The questions that will need to be addressed by regional protagonists, after the removal of ISIS, will be the implementation of full, fair and observed democratic elections. Any new political settlement will necessarily need to include the involvement of the remaining factions - the lesser of the extremes now include, bizarrely, Al Qaeda who to the denial and chagrin of the West, may now be embroiled in a double-game. This is the new normal that an aggressively reconstituted NATO 2,0 will have to accept. It sees former proscribed terrorist organisation the PKK, now morphing into an EU and CIA backed secular PKK/YPG to act as a counter against Islamist forces. Any post conflict push for real democracy will have to be representative, proportionate and we will have to live with the governments that are elected. There can be no return to fomenting the military junta of Sisi in Egypt to overthrow a democratically elected party, nor of sponsoring Fatah to fight Hamas. It will have to be come-what-may because an uneasy peace with uneasy neighbours has to be preferable to what we see today.
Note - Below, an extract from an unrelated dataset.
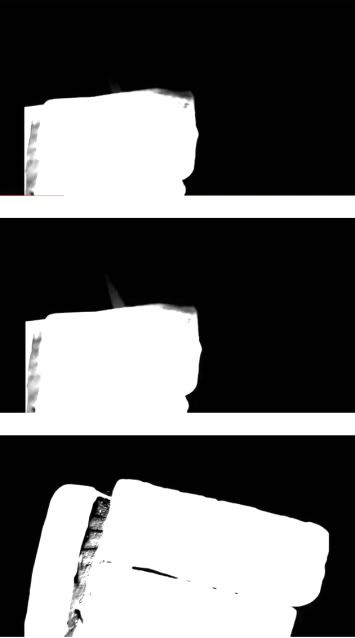 Also, I pulled and tried to clean up those "bench" images and they're going to be almost possible to restore without some heinous filtering, methinks. I did, however put the three best shots I could pull from the vid and fiddled with the contrast a bit. Only thing I really managed to do was pull up a fragment in the middle picture (which is now also faintly visible in the picture a few miliseconds before). To me, it looks like it could be a white edge line on the end of a road, making the bits below it the uneven edge of a dashboard of a car. (If you sort of look at the two shots and then look at the light/sign post picture posted a page previously -- they could be the same.)

People have a fundamental inalienable right to self-determination. We have been screaming this from the rooftops for the Palestinians. Regions need to be returned to a state of peace, of education, of self-control of resources. Direct democracy. Decentralised and localised power. For Muslim majority countries this might signal a return to the highly successful system of "wilayyat" or localised authorities with local councils, without the need for a supra-structure or government-industrial complex. I'm not sure we are asking for anything different in the West right now. Ultimately, peace requires a just settlement but gut wrenchingly, there is a time and place for fighting, even for those of us who extol the virtues of peace. Although we might hate it, it seems that this time may soon be upon us.
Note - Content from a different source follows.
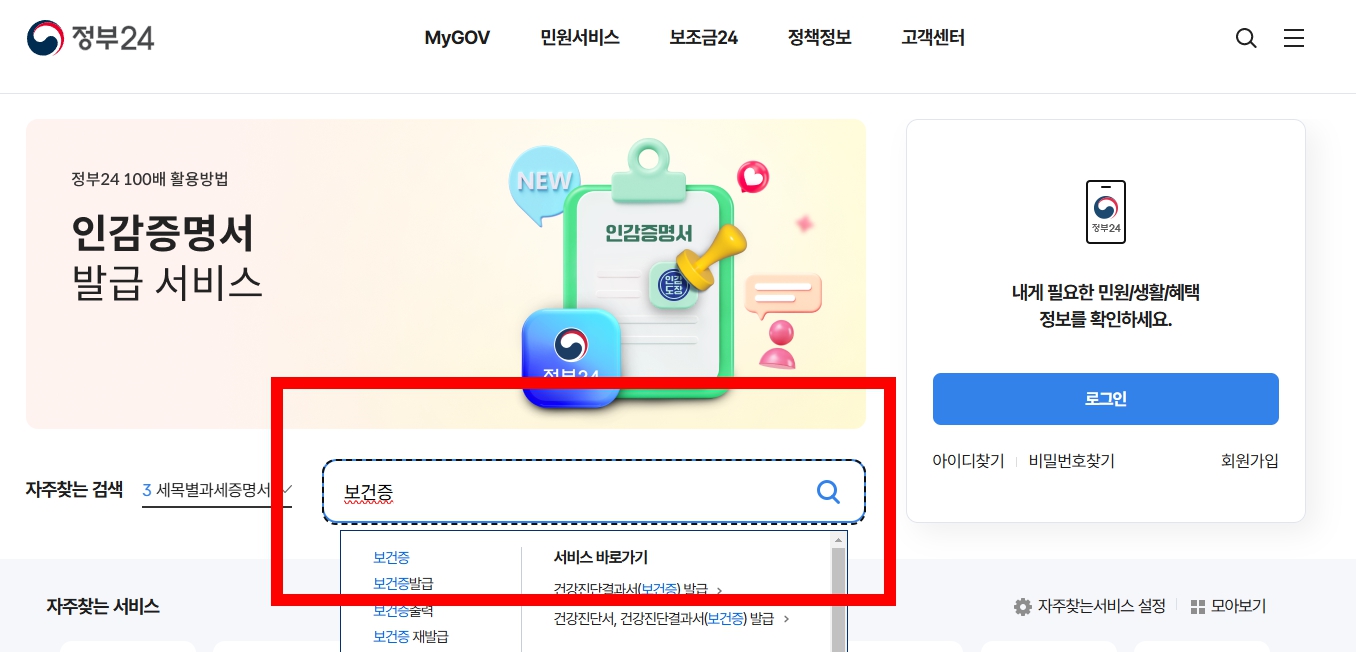 보건증 인터넷 재발급 방법 (정부24 이용)

Kennedy said that mankind will need to put an end to war before war puts an end to mankind.

God forgive us.


1 comment:

Stephen Armourae said...

The decision to go to war is something that politicians take too lightly. Other peoples sons and daughters face death. The destruction that 'victory' brings creates orphans, destroys societies and generates extremists.

However early intervention can prevent attrition and enmity producing more devastating results. Defeating fanatics at an early stage is far easier than when they are well armed and organised.
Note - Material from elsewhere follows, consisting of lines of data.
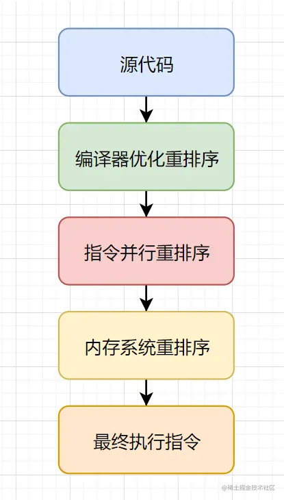 这是为啥呢?指令重排序了解一下,指令重排是指在程序执行过程中,为了提高性能, 编译器和CPU可能会对指令进行重新排序。CPU重排序包括指令并行重排序和内存系统重排序,重排序类型和重排序执行过程如下: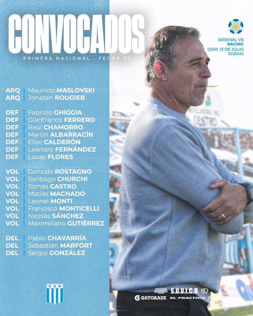Racing visita a Arsenal por la fecha 22 de la Primera Nacional, Necesita un triunfo para entrar al reducido y su rival también si no quiere seguir hundiéndose en la tabla.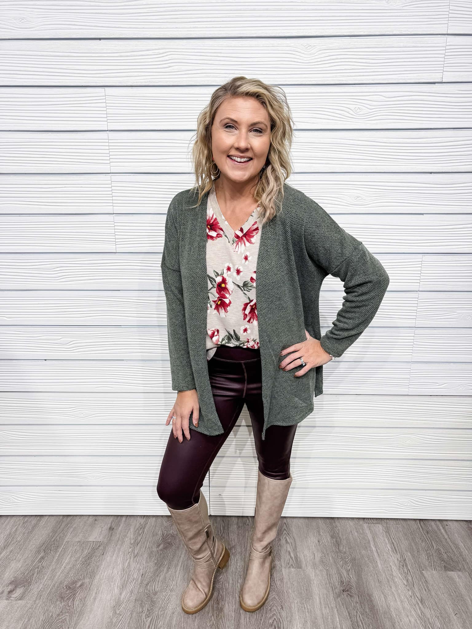 Step up your style with this woven waffle knit cardigan. Perfect for any cozy moment, you'll be sure to keep on moving onto cuteness and comfort! This cardigan features a soft, woven waffle knit perfect for layering up any outfit.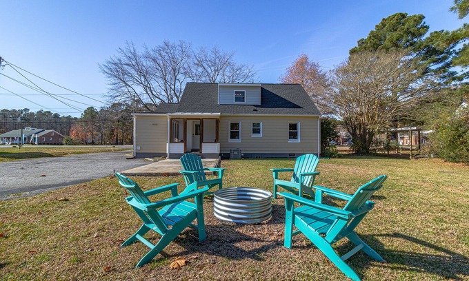 Fire Pit🔥 Walk to Town. 1st floor King Bed & Walk in Shower! Monthly Discounts! | House in Mathews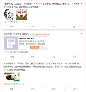 诚信教育“微”传递活动是通过新媒体——微博,利用安师大美院资助育人官方微博广播征信、金融等相关知识,助学贷款等政策以及诚信教育宣传语等内容,号召各班微博转发并带领班级同学学习了解相关内容。

ISIL are not Hezbollah or Hamas. Their ideology is one of hate and destruction. They are a tyranny which only produces nihilism and are causing the mass murder and abuse of Muslims and other groups.

Instead of vacillating, had the West cooperated with Muslim and Arab groups 3 years ago, ISIL could have been stopped.

Had Tony Blair and George Bush not devestated Iraq we would not now be presented with the horror of the current attrocities.